Custom tokenizer not working in countvectorizer sklearn

174 Views Asked by At

I am trying to make a Countvectorizer with a custom tokenizer function. I am facing a weird problem with it. In below code temp_tok is a list of 5 values which is used as vocabulary later.

temp_tok = ["or", "Normal sinus rhythm", "sinus", "anuj","Normal sinus"]

def tokenize(text):
    return [temp_tok[0],temp_tok[1], "sinus", "Normal sinus"]

def tokenize2(text):
    return [i for i in temp_tok if i in text]

text = "Normal sinus rhythm"

The output of text for both functions is same which is

tokenize(text)
output = ['or', 'Normal sinus rhythm', 'sinus', 'Normal sinus']
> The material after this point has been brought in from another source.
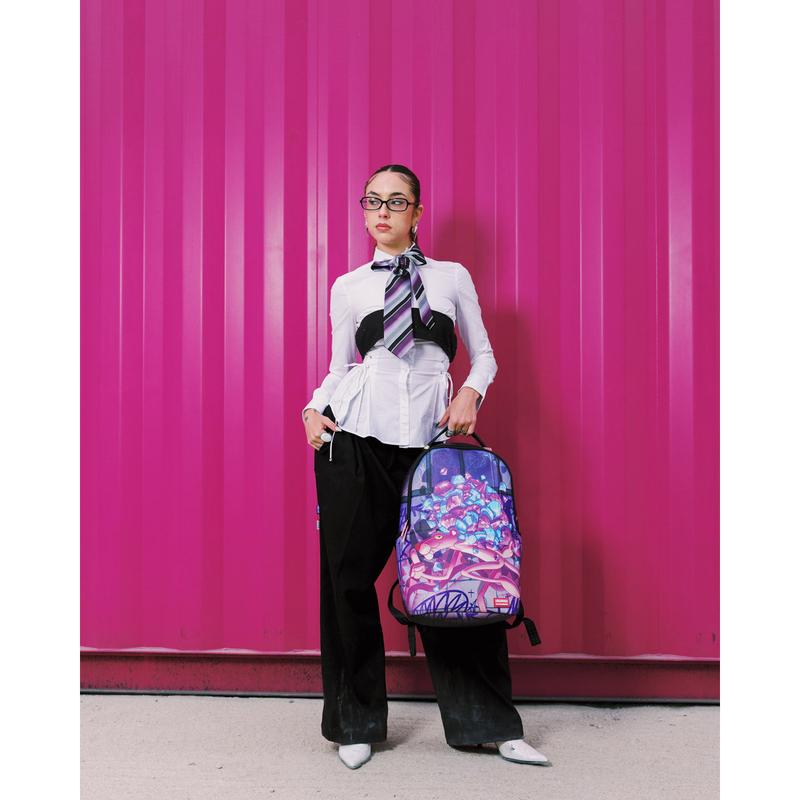 Dimensions: 18" x 6" x 11.5" • Front zipper pocket • Side pockets • Zippered Stash pocket • Separate velour sunglass compartment • Ergonomic mesh back padding • Adjustable Straps for custom sizing • Gold zippers with metal hardware • Metal "Sprayground Authentic" badge • Slide through back sleeve connects to carry-on luggage to free your hands
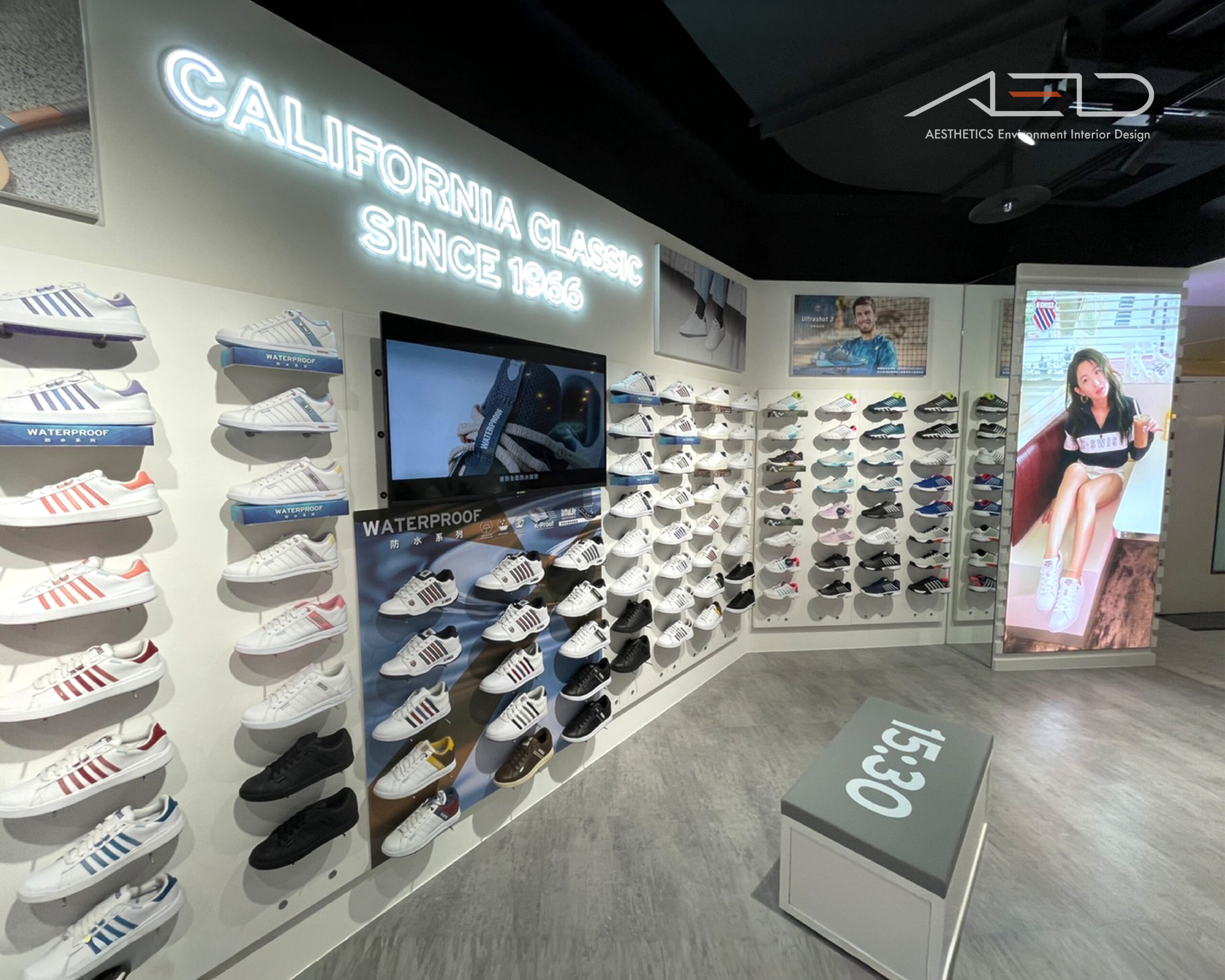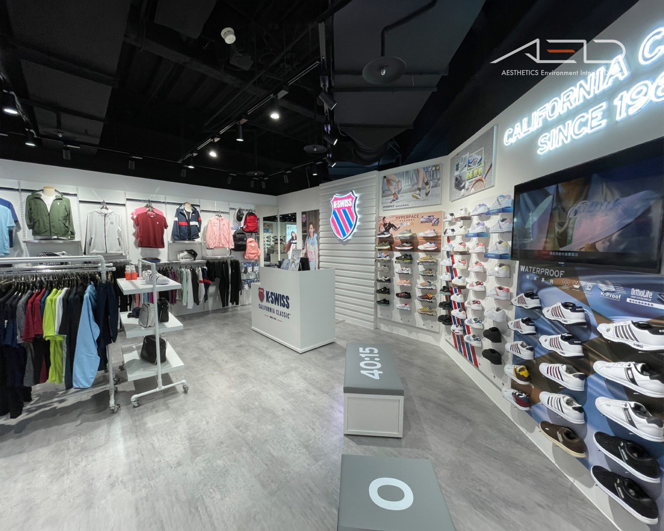 品牌形象牆整合數位影像螢幕、燈箱視覺與發光字標,收銀櫃檯與櫃內陳列形成空間視覺節點;透過簡潔材質的陳列道具與整合照明設計,營造俐落且具有國際感的運動品牌零售空間。

But when I build vectorizer with these tokenizer, it gives unexpected output for tokenize2. My vocabulary is temp_tok for both. I experimented with n_gram range but it is not helping.

vectorizer = CountVectorizer(vocabulary=temp_tok,tokenizer = tokenize)
vectorizer2 = CountVectorizer(vocabulary=temp_tok,tokenizer = tokenize2)

While vectorizer.transform([text]) is giving expected output, vectorizer2.transform([text]) is giving 1 only for "or" and "sinus"

vectorizer.transform(["Normal sinus rhythm"]).toarray()
array([[1, 1, 1, 0, 1]])

vectorizer.transform(["Normal sinus rhythm"]).toarray()
array([[1, 0, 1, 0, 0]])

I also tried passing dictionary instead of list temp_tok as vocabulary to Countvectorizer but it doesn't help. Is this sklearn problem or I am doing something wrong?

1

There are 1 best solutions below

0
Anuj Chopra On BEST ANSWER

Countvectorizer is passing the text by converting it to lower case. So tokenize2 is not working while tokenize works well. This can be seen by adding a print function in tokenize2.

def tokenize2(text):
print(text)
return [i for i in temp_tok if i in text]

A good solution would be to change the elements in temp_tok to lower cases. Else any technique to handle small case, capital case would work.